TechGardenCode/naive-user

naive-user

Drive your live web app as a source-blind, first-time user. An AI agent hovers, clicks, and types in a real browser, watches what actually happens, and reports the gaps (bugs, broken expectations, UX surprises, accessibility issues) before real users hit them.

License: MIT Harnesses Powered by Playwright MCP PRs welcome

It covers a gap that three other things miss:

  • Real users find these problems, but only after you ship.
  • You, testing manually, know how the app is built, so you cannot see it fresh.
  • Scripted end-to-end tests assert flows you already know. They cannot discover the ones you do not.

The agent forms expectations from only two sources: what is on the screen, and universal web conventions. It never reads your source code. It builds a knowledge base under qa/naive-user/<app>/ that lives outside the code, the way a real user's mental model does, and it compounds across runs.

Contents

What you get

qa/naive-user/<app>/
├── mental-model.md        # what a naive user believes the app does; refined every run
├── findings/<date>.md     # dated gap reports (Expected / Did / Observed / Gap / Severity / Repro)
└── screenshots/           # before/after evidence (gitignored)

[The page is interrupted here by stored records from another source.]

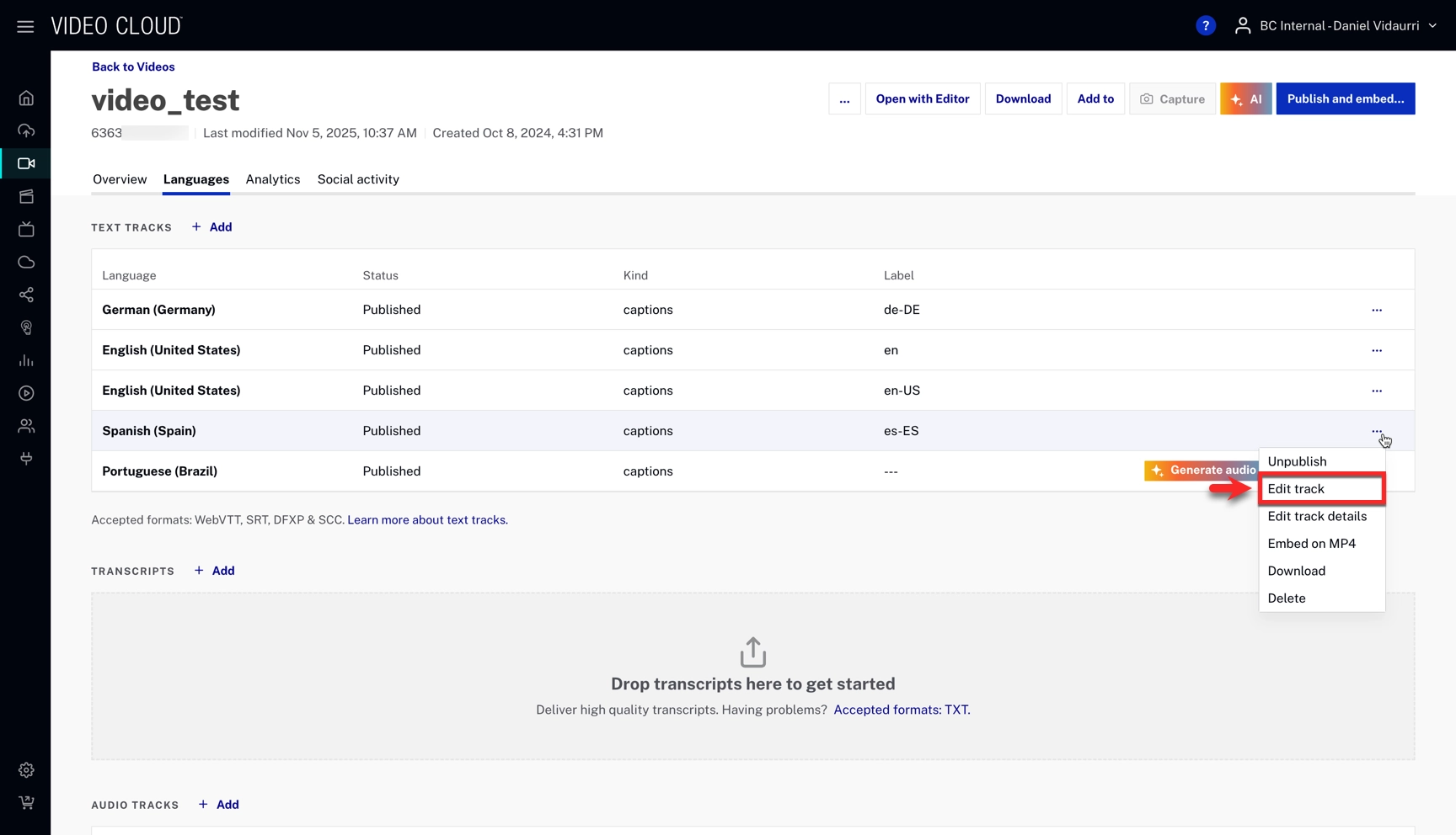 - Click ... and select the Edit track option.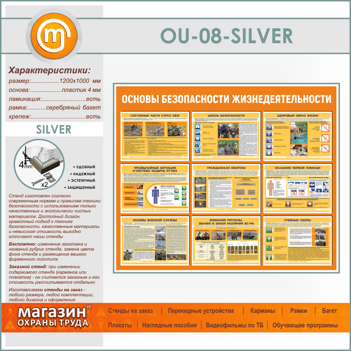 Стенд «Основы безопасности жизнедеятельности» (OU-08-SILVER) в Верее купить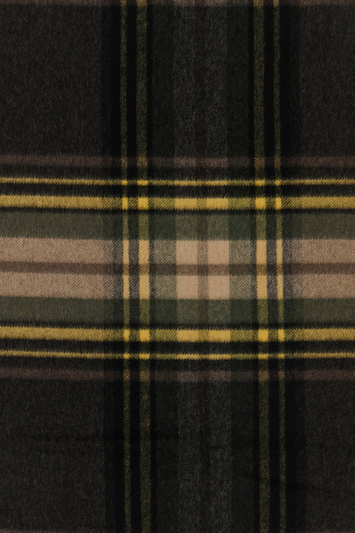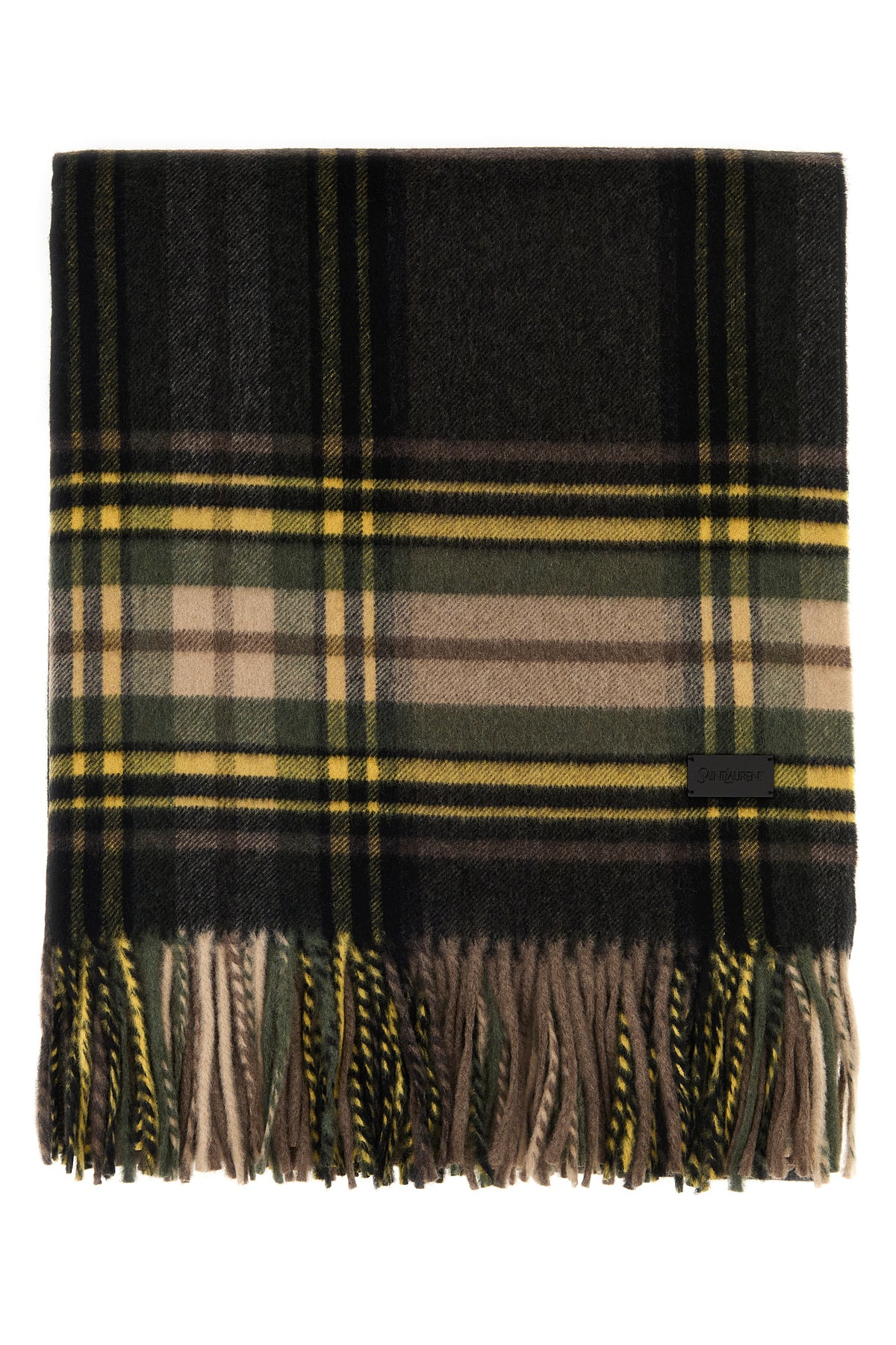 Sciarpa realizzata in cashmere e lana caratterizzata da ricamo a motivo tartan su tutta al superficie arricchita da etichetta logata in pelle sul fondo.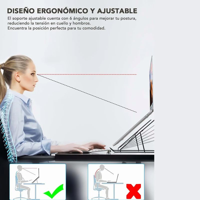 ¡No comprometas tu salud ni tu productividad! Encuentra la posición perfecta para tu comodidad y maximiza la vida útil de tu equipo con este soporte ergonómico.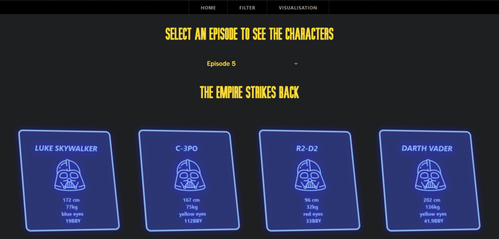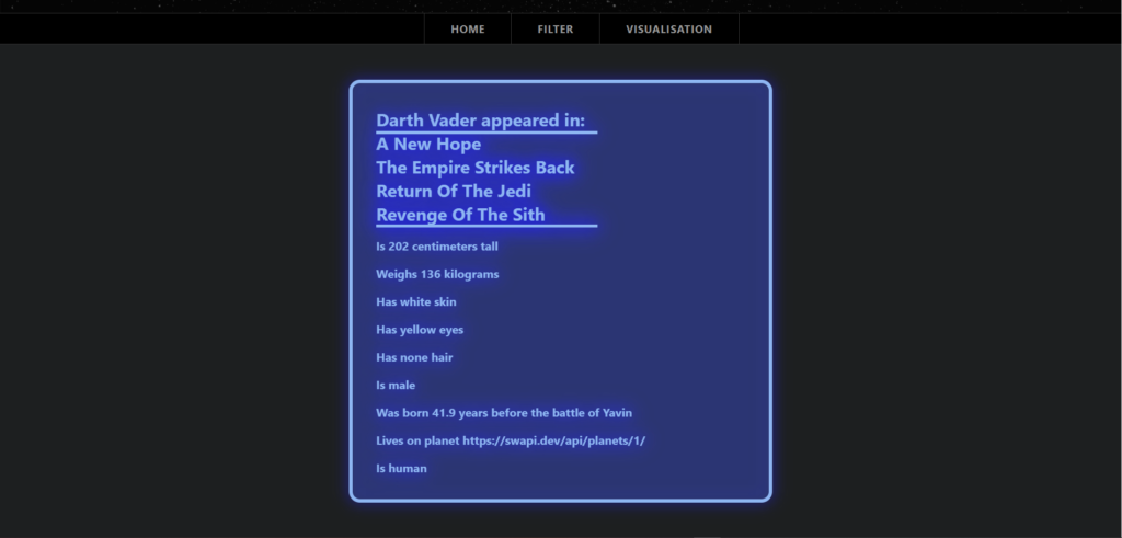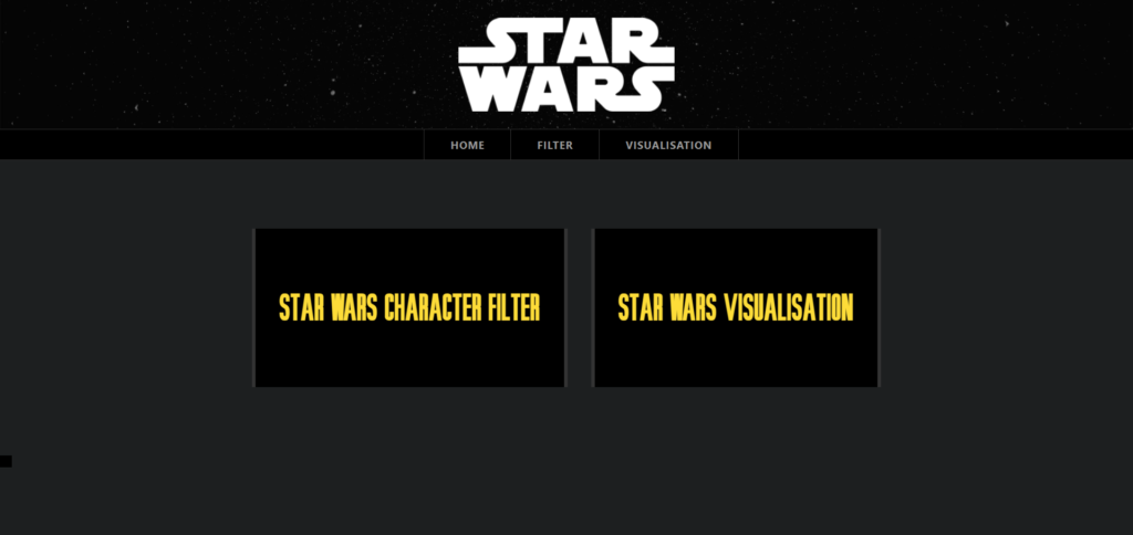 Omdat andere studenten hiervoor al een D3 visualisatie hadden gemaakt moest ik voor dit vak iets nieuws verzinnen. Maar omdat ik voor de Minor Web Design & Development al de Star Wars API gebruikt had besloot ik dat concept te vertalen in een React App. De styling kon ik hergebruiken maar ik heb het wel omgezet naar SASS.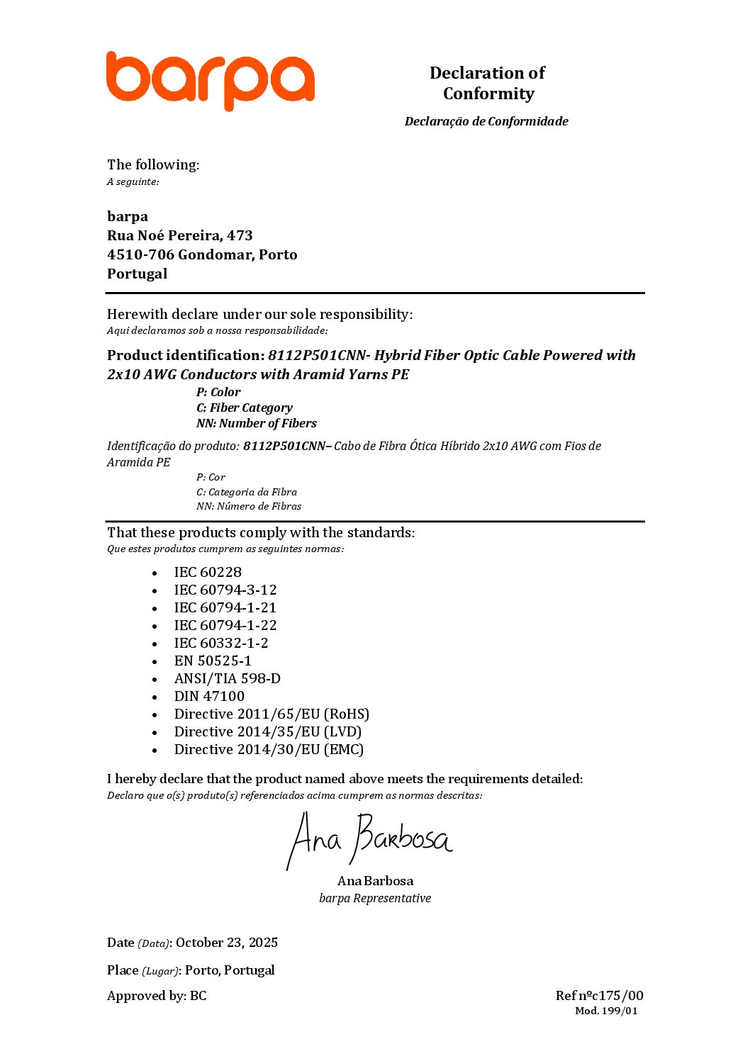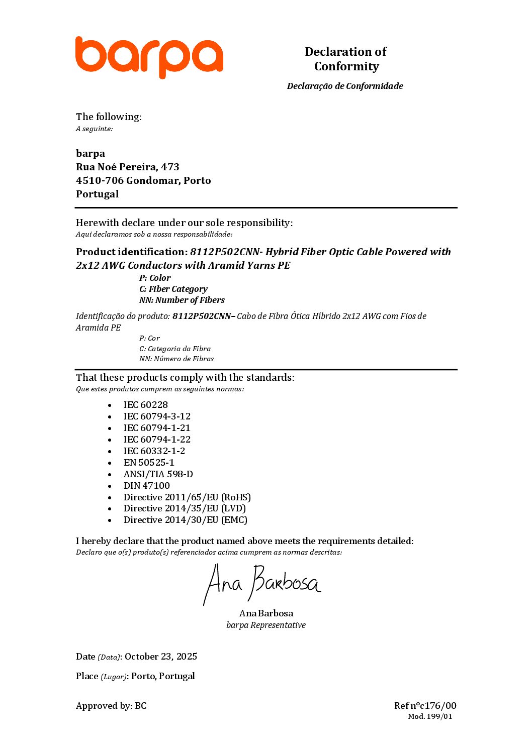 Nov 19, 2025 0 mins reading Hybrid Cable 2×12 AWG with Aramid Yarns – PE – Declaration of Conformity barpaadminuser
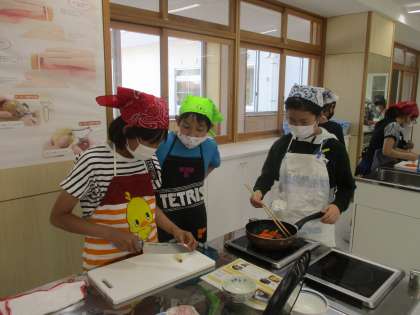 包丁を正しく使って野菜を切ったり、火加減に気を付けながら野菜炒めを作りました。「味付けが上手にできた!」「にんじんがかたかった!」など感想はさまざまでしたが、調理してみて、おいしく作るためにはどれくらいの細さで切ればよいのかなど、しっかり学ぶことができましたね!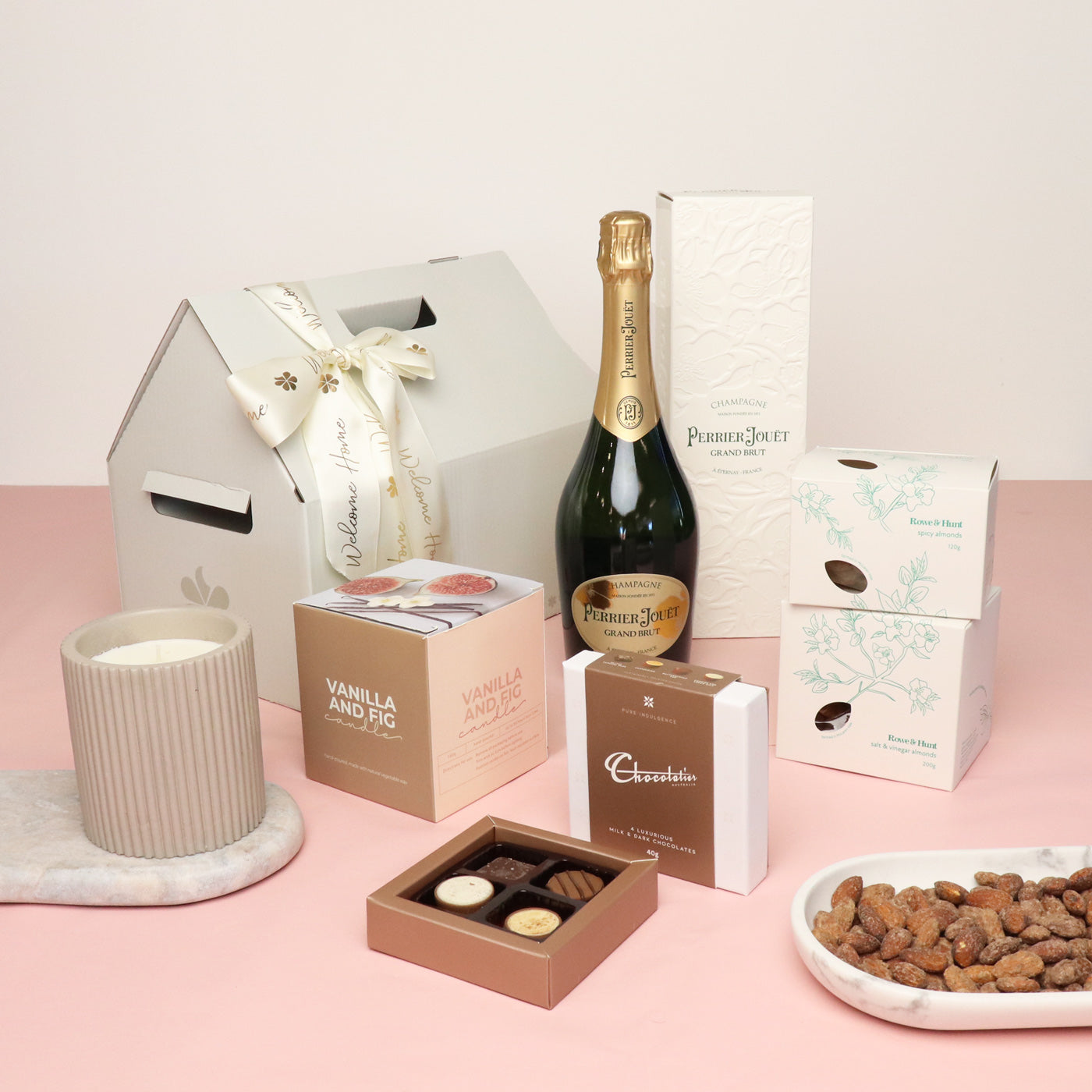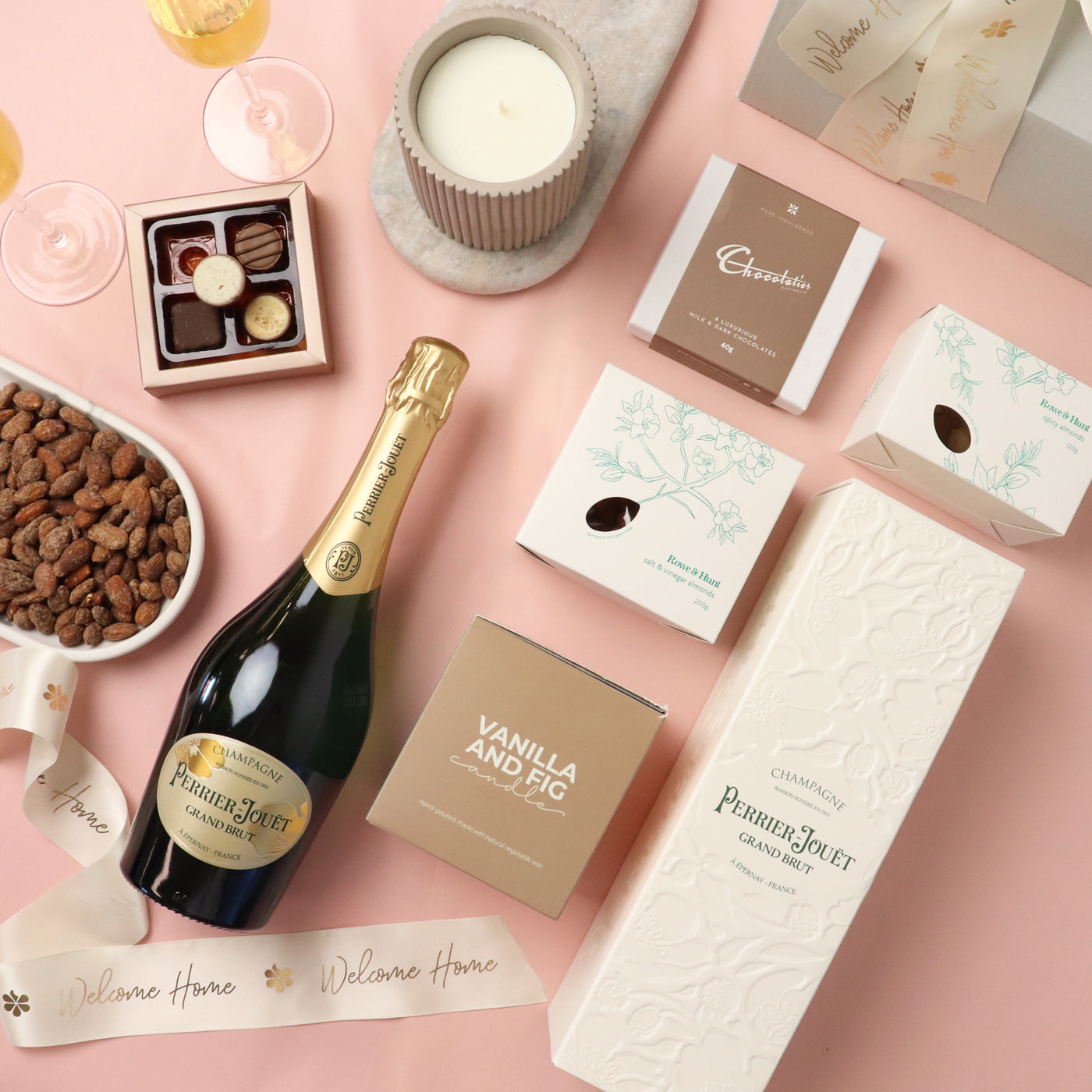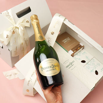 A celebration of a new home with this uniquely designed Home Celebration Hamper. Celebrate with the finest French champagne, Perrier Jouet Grand Brut, chocolate truffles, and say welcome home with our beautiful, wide satin ribbon.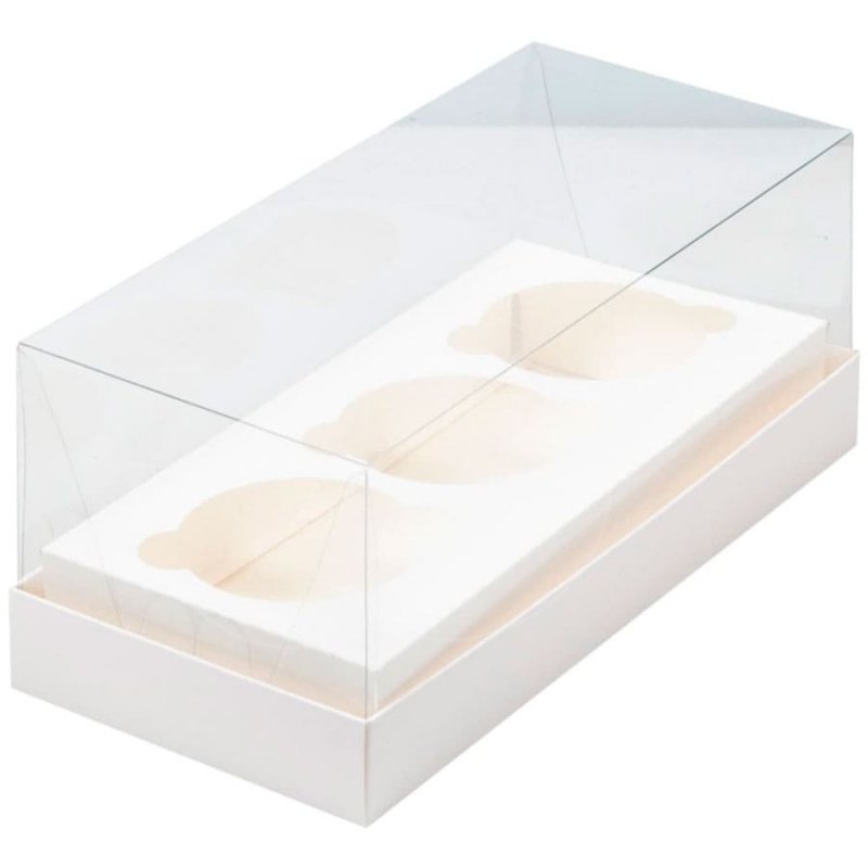 Доставка Коробка на 3 капкейка с прозрачной крышкой белая 24х10х10 см из магазина в вашем городе:

Findings are severity-ranked: bug, broken-expectation, ux-gap, surprise, a11y.

Requirements

  • Node.js 18+ is the only hard requirement. The Playwright MCP server provisions its browser on first use. If you ever hit a missing-browser error, run npx playwright install chromium.
  • A running app, either already serving at a URL or startable from a startCommand in your config.
  • One of the supported harnesses below. Each needs agentic tool-calling plus the Playwright MCP browser tools, which is why instruction-only IDE rule hosts are not targeted.

Install

1. Add the plugin to your harness and wire Playwright MCP

The same MCP server body, npx @playwright/mcp@latest, works everywhere. Only OpenCode and Copilot tweak the shape.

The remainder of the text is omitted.